The Best That Never Was

The Best That Never Was

Earlier in the week, I featured livery designs on American race cars. While digging through images looking for examples, I stumbled upon a car that I had forgotten about – the 1955 Indy Car Streamliner.

The story starts in the early 50’s. Bill Vukovich won the Indy 500 in 1953 and 1954. In an effort to make it three in row, Bill contacted Howard Keck (legendary financier) and asked him to fund a car that couldn’t be beaten.

Howard agreed and contacted a famous group of innovators known as the “Indy Whiz Kids” to do the job. Quinn Epperly lead a group staffed by Jim Travers and Frank Coons. These guys would later go on to form Traco Racing, but before that? They set out to build the lightest, most aerodynamic, and fastest roadster to ever go around the Indianapolis track.

The build started with inspiration gathered from the speed efforts of pre-war German manufacturers like Auto Union and Mercedes. The Germans set astronomical speed records with far less power than the Whiz Kids had on tap, so a marriage in principals seemed like a winner.

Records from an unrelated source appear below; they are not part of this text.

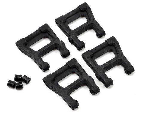 Este es un juego de brazos de suspensión delantera y trasera LaTrax de repuesto. El paquete incluye cuatro brazos de suspensión que se pueden usar en la parte delantera o trasera, y en el lado derecho o izquierdo del chasis, así como cuatro espaciadores de brazos.
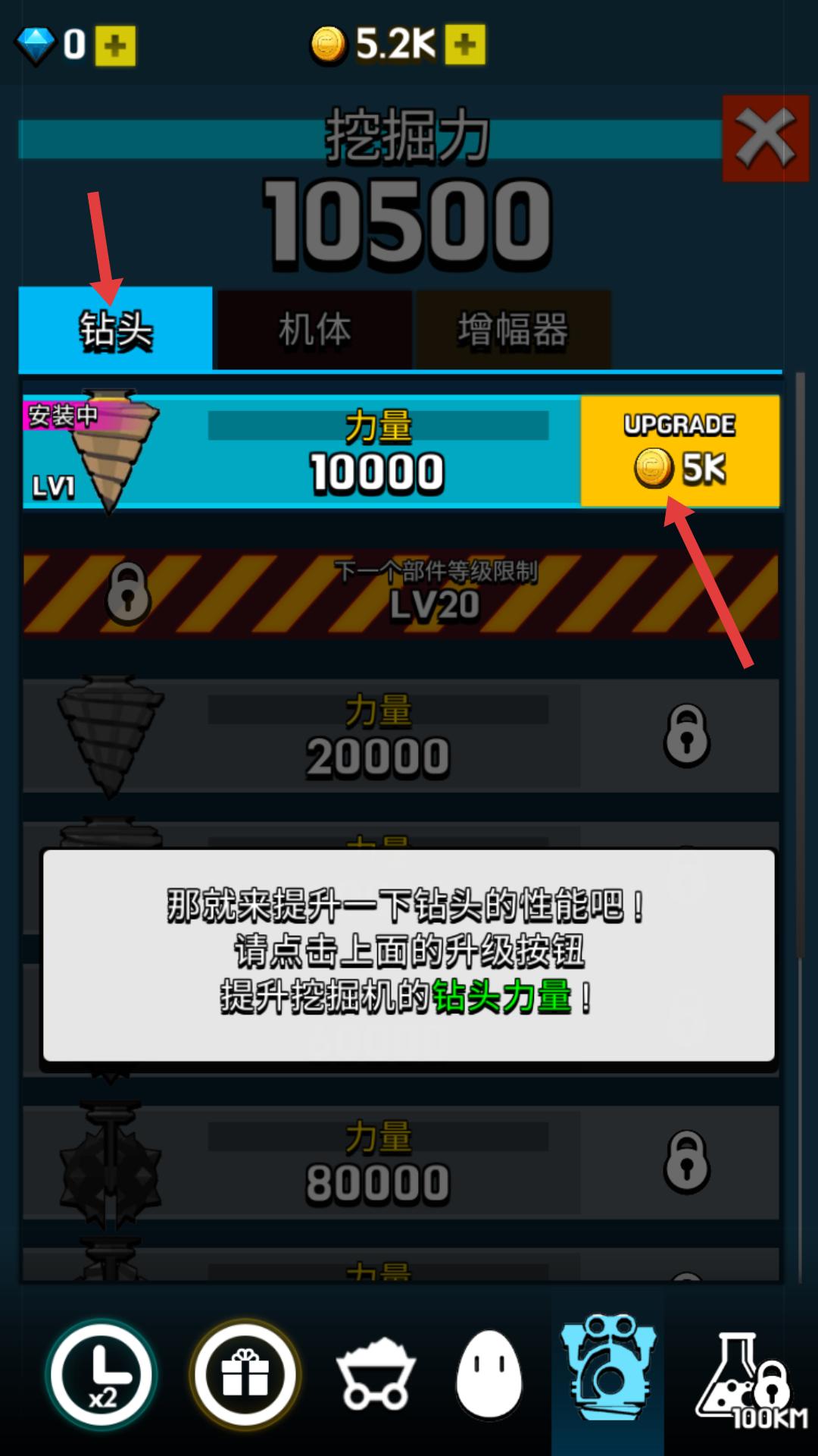 4、在挖掘機升級界面可提升鉆頭性能,點擊升級按鈕,消耗金幣就能增強鉆頭力量,提升挖掘效率。
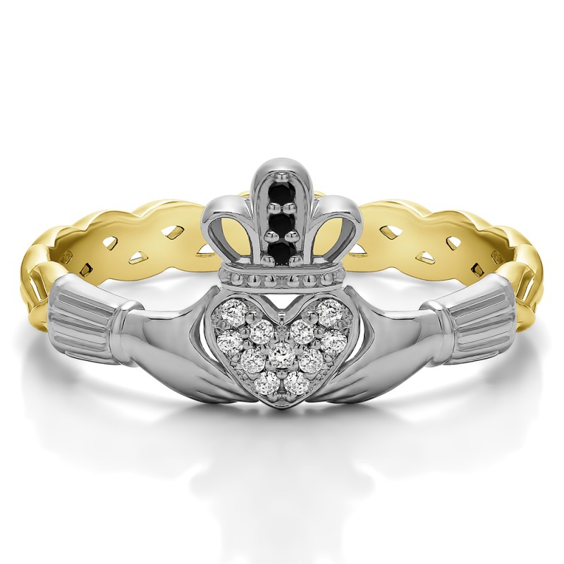 This wedding ring features 14 round prong set stones with a 2 millimeter wide band. The total combined carat weight of the ring is 0.07 carats. It features a Celtic Claddagh design with a pave set heart in the center. This wedding ring weighs approximately 3.52 grams.
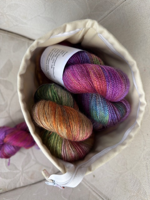 Unique hand-dyed fabric project bags for knitting & crochet. Fully lined, sturdy, and one-of-a-kind. Ideal for small to medium projects. Shop now!
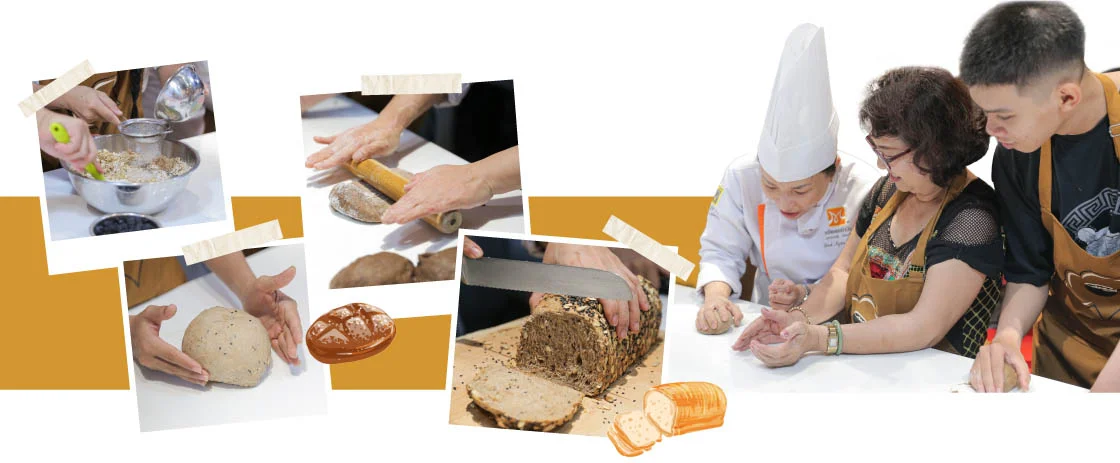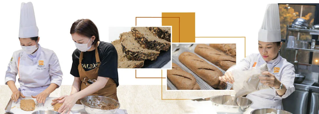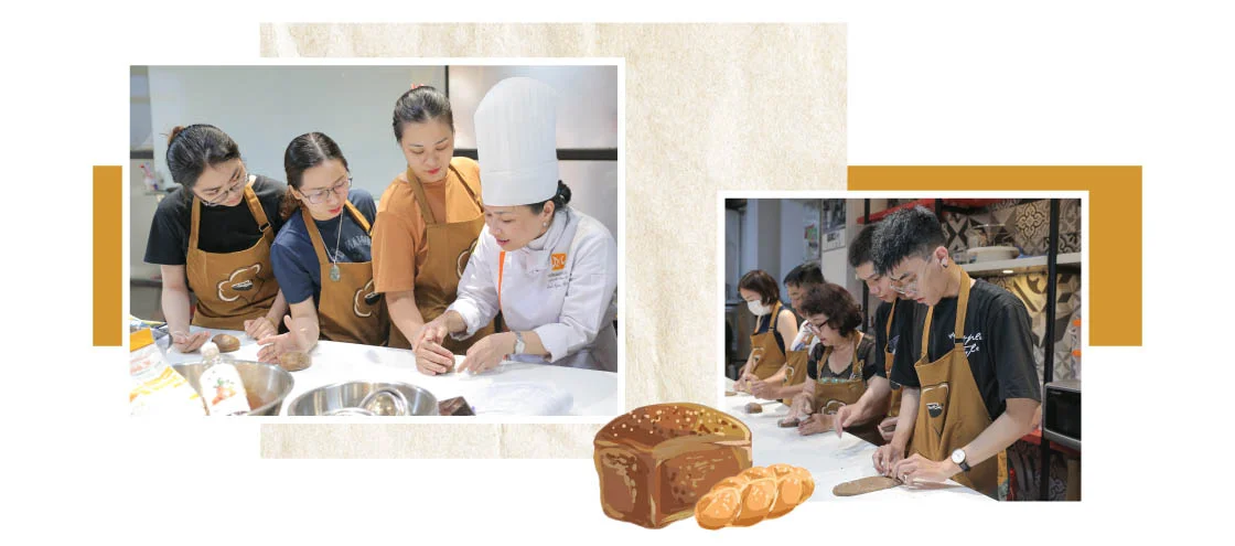 Bột sau khi trộn xong sẽ được ủ, fold lại, tạo hình và nướng. Ở mỗi giai đoạn của từng món bánh, Giảng viên đều chỉ dẫn từng thao tác, lồng ghép các bí quyết như: Cách kiểm tra bột, hướng dẫn kỹ thuật fold, thời gian và điều kiện thích hợp để ủ bột, phương pháp tạo hình bánh và kỹ thuật nướng… Học viên vừa quan sát Giảng viên hướng dẫn vừa chia thành các nhóm nhỏ để thực hành. Giảng viên luôn theo sát và giúp học viên khắc phục lỗi sai, lồng ghép với việc giải đáp thắc mắc để học viên nắm chắc bài ngay tại lớp.
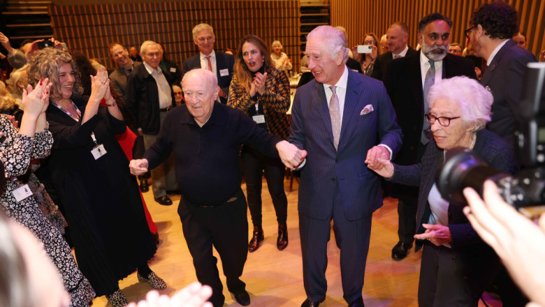 Regele Charles al Marii Britanii a dansat cu sora vitregă a Annei Frank în timpul unei vizite la un centru comunitar evreiesc din nordul Londrei.
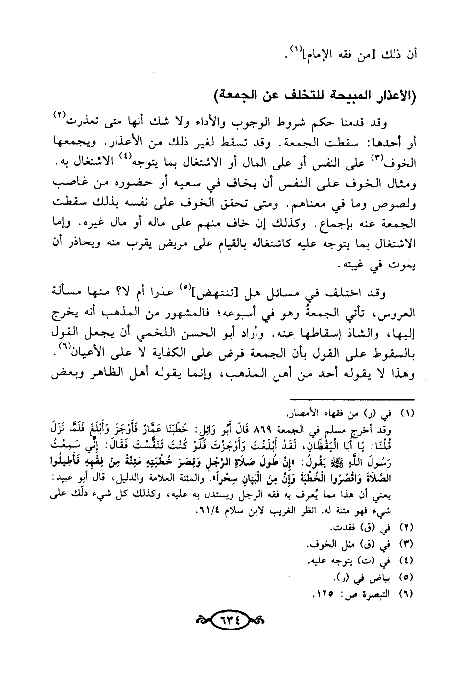(الأعذار المبيحة للتخلف عن الجمعة)
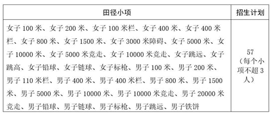 (二)田径项目:57人。
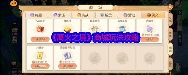 离火之境如何玩转离火商城?商城有很多提升自己的材料, 很多玩家想知道如何最大化呢?下面是小编给大家带来的《离火之境》商城玩法攻略,感兴趣的小伙伴们一起来看看吧。 《离火之境》商城玩法攻略1、绑玉和真玉商城,钱多怎么来怎么来,最好买那些打折商品,小氪玩家建议攒着买神兽内丹或者内丹礼包。2、挑战商城,神兽内丹16000币,需要耐住寂寞才能买到。平民玩家获得内丹的途径之一,其他物品也可以酌情购买。3、帮...

This amount of innovation, however, takes time… And by the time the 1955 Indianapolis 500 rolled around, the crew only had a rolling chassis. There wasn’t time to install the Offy motor and test the setup before the race, so Vukovich landed a seat with another team – figuring 1956 would be the year of the streamliner.

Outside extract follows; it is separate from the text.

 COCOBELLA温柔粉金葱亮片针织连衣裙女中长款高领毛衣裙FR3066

Sadly, Vuko was involved in an accident during the ’55 Indianapolis 500 and died of his injuries. As a result, Howard Keck lost his stomach for speed and stopped writing checks for the streamliner. The project was shelved indefinitely and the innovations within all but forgotten.

If you look back at the car now, it’s easy to see that it was far before its time. While it still featured solid axle construction, the chassis was incredibly light and the crew focused hard on the distribution of weight the car did carry. Locating the motor midway between the axles allowed the streamliner body to sit low and the center of gravity to be perfected.

But Indy engineering can get complicated quickly. Shooting down the straight at 170mph in 1955 is one thing, but getting the car to hit the apex between turn one and two is an entirely different matter – slippery fast objects tend to go straight, not turn. The Whiz kids, however, had an answer for that. They built an “elevator” along the rear leading edge of the car that the driver could use to actively add downforce when needed. Had the car ran in 1955, it would have been the first to feature active aero.

Of course, it didn’t… and it wasn’t… While Keck did stop financing the project, he couldn’t bring himself to sell it off. Instead, he kept the incomplete car in storage for over thirty years. Eventually, a collector named Jimmy Dobbs talked him out of it and did a full restoration to the original design.

To me though… the craziest part of this story is that the car eventually sold again at auction in April of 2018. The price? $35k. Unbelievable. In 2019, the car sold again… This time, it fetched a price north of $375k.